● **Data for processing**
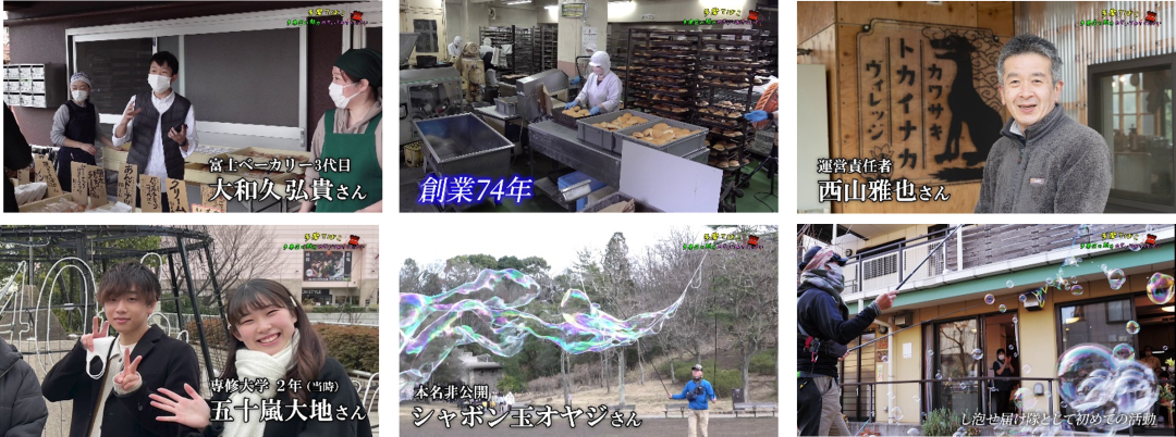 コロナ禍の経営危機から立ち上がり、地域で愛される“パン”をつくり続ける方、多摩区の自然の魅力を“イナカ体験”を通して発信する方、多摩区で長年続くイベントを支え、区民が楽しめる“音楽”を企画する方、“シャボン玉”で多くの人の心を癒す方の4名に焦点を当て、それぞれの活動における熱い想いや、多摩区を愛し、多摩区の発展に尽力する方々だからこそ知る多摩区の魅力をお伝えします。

...

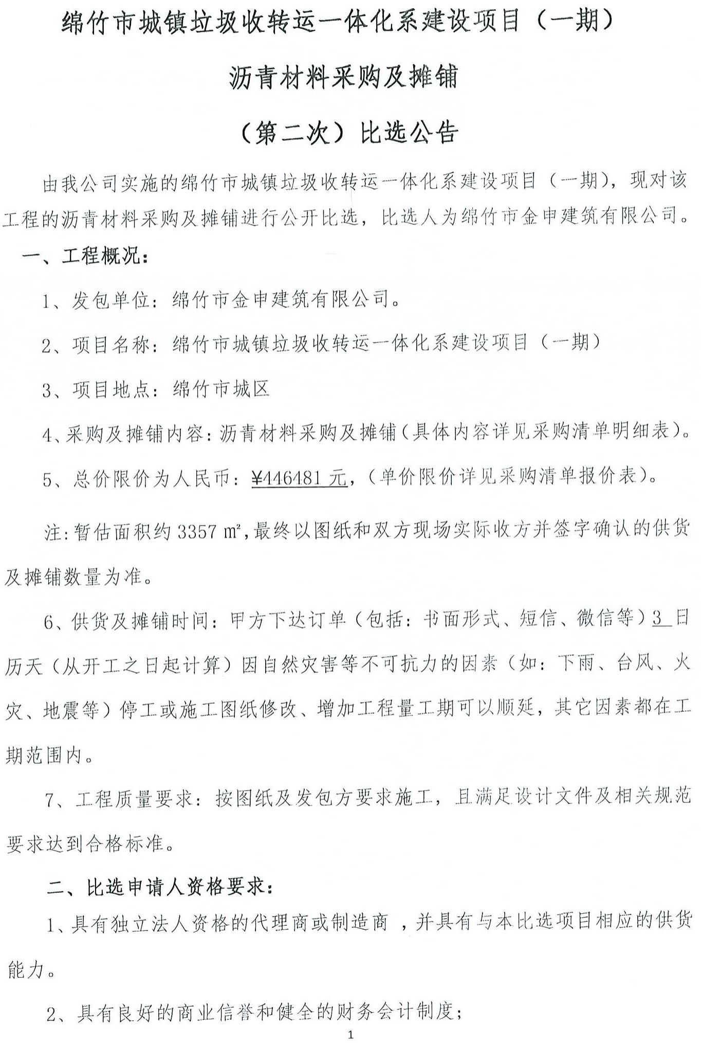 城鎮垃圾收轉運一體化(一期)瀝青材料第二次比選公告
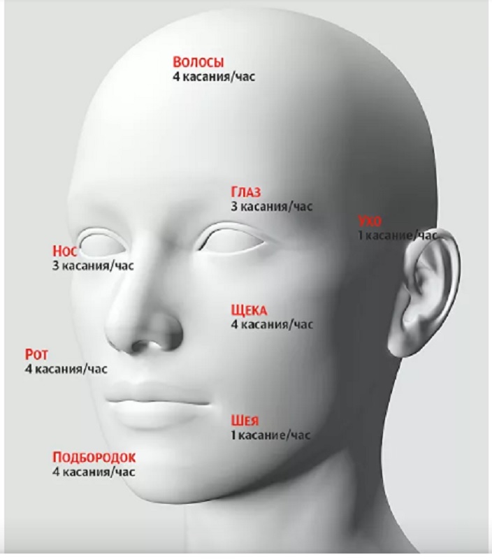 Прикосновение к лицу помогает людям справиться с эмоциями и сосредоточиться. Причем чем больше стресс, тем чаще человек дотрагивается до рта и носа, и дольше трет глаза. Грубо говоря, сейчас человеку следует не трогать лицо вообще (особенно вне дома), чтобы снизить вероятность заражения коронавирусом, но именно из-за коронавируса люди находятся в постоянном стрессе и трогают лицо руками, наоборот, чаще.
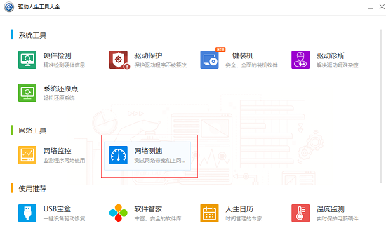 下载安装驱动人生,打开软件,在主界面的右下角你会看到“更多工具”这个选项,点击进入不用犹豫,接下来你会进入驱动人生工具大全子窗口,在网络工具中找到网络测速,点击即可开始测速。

● **Directions for this task**
Set the pictures aside and retype exactly the lines above from the line with "Прикосновение к лицу" to the line with "下载安装驱动人生,打开软件,在主界面的右", both included, adding no others.

● **Solution below**
 Прикосновение к лицу помогает людям справиться с эмоциями и сосредоточиться. Причем чем больше стресс, тем чаще человек дотрагивается до рта и носа, и дольше трет глаза. Грубо говоря, сейчас человеку следует не трогать лицо вообще (особенно вне дома), чтобы снизить вероятность заражения коронавирусом, но именно из-за коронавируса люди находятся в постоянном стрессе и трогают лицо руками, наоборот, чаще.
 下载安装驱动人生,打开软件,在主界面的右下角你会看到“更多工具”这个选项,点击进入不用犹豫,接下来你会进入驱动人生工具大全子窗口,在网络工具中找到网络测速,点击即可开始测速。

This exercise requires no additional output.